Hallucination was defined broadly: any citation that does not exist, any holding that mischaracterizes a case, any factual claim that is materially wrong, and any regulatory status that is out of date. We are not publishing the platform-by-platform rankings because the differences at the top are small enough to be within the margin of evaluator disagreement.
Structural Findings
Finding one: specialized legal AI dramatically outperforms general-purpose AI. The GPT-4 deployment scored the worst on citation accuracy by a significant margin — approximately 31% hallucination rate on citation-specific questions.
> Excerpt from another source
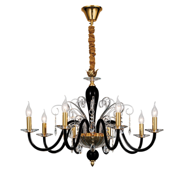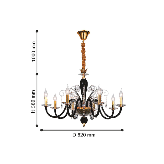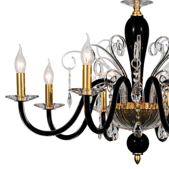 Каркас светильника из металла золотого цвета, стеклянные выдувные рожки черного цвета и декоративные элементы прозрачного цвета.
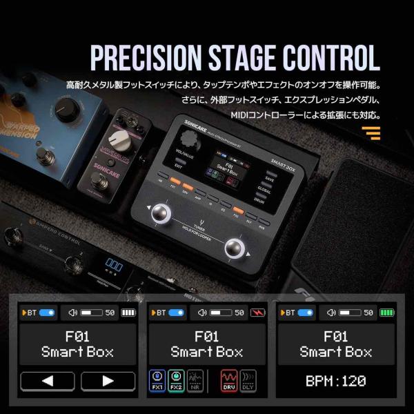 ステージでの使用も考慮されており、20秒ルーパー、正確なチューナー、メトロノーム、100種類のドラムリズムを搭載。耐久性のある金属製フットスイッチはマルチカラーLEDリング付きで、エフェクト切替やタップテンポ操作を確実かつ直感的に行えます。

The best specialized platforms scored 3-6%.
Finding two: recency is the most common failure mode. Platforms that rely on static training data rather than live database connections hallucinate most frequently on regulatory status questions, where the law has changed since training.
Finding three: platform confidence does not predict accuracy. The platforms that presented answers with the highest confidence were not the most accurate. In two cases, the most confident platforms were among the least accurate.
The Operational Implication
The 3-31% hallucination range means that the appropriate verification protocol varies dramatically depending on which platform you are using. A 3% hallucination rate might support a light-touch verification protocol on routine research. A 31% rate requires independent verification of every citation — at which point the tool is not producing a productivity gain.
The honest advice: verify the hallucination rate of the specific platform you are using, on the specific task types you use it for. The platform that is excellent at case law citation may be mediocre at regulatory status.